L’animation, volontairement lente et hachée, accentue la dimension artisanale de l’ensemble. Les personnages se déplacent comme des marionnettes abîmées, avec une inertie dérangeante, des membres raides, des regards vides. Rien ne cherche la fluidité. Tout semble filmé image par image par un esprit fatigué.
Chaque pièce du jeu fonctionne comme un tableau autonome : une horloge vivante, un mur de viande, un autel de bois, un théâtre miniature. Il n’y a pas de transition fluide entre les zones. On saute de l’une à l’autre comme on tournerait des pages illogiques. Ce montage haché, combiné à une cohérence chromatique remarquable, donne à l’ensemble une force visuelle immédiatement reconnaissable, presque muséale.
Sur Nintendo Switch, le portage conserve toute cette matière sans perte de lisibilité. En mode portable, l’image reste nette, l’interface invisible. Aucun ralentissement, aucun bug d’affichage : la structure figée du jeu favorise une stabilité technique parfaite, même sur un hardware limité.
Côté sonore, Conquistadorio est une perle de malaise. Pas de musique orchestrale, pas de thème récurrent.

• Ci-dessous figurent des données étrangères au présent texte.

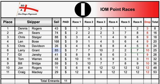 Last Saturday was a beautiful winter day in San Diego!  We had an exceptional turnout with DF95 and IOM skippers eager to finish the points season on a positive note..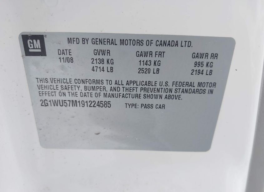 - VIN: 2G1WU57M191224585

Chaque pièce a son ambiance : un grincement de métal, un souffle d’orgue, un clapotis sale, une respiration étouffée. Le mixage est sec, brut, sans écho. Chaque son semble enregistré dans une pièce fermée, puis réinjecté sans traitement.
Les actions déclenchent parfois des bribes de mélodies – souvent dissonantes, incomplètes, presque humiliantes dans leur brièveté. Pas de voix. Pas de mots. Juste des bruits de théâtre cassé, où chaque clic devient une percussion primitive.
Le jeu ne cherche pas à séduire. Il cherche à troubler. Et visuellement comme auditivement, il y parvient avec une maîtrise rare.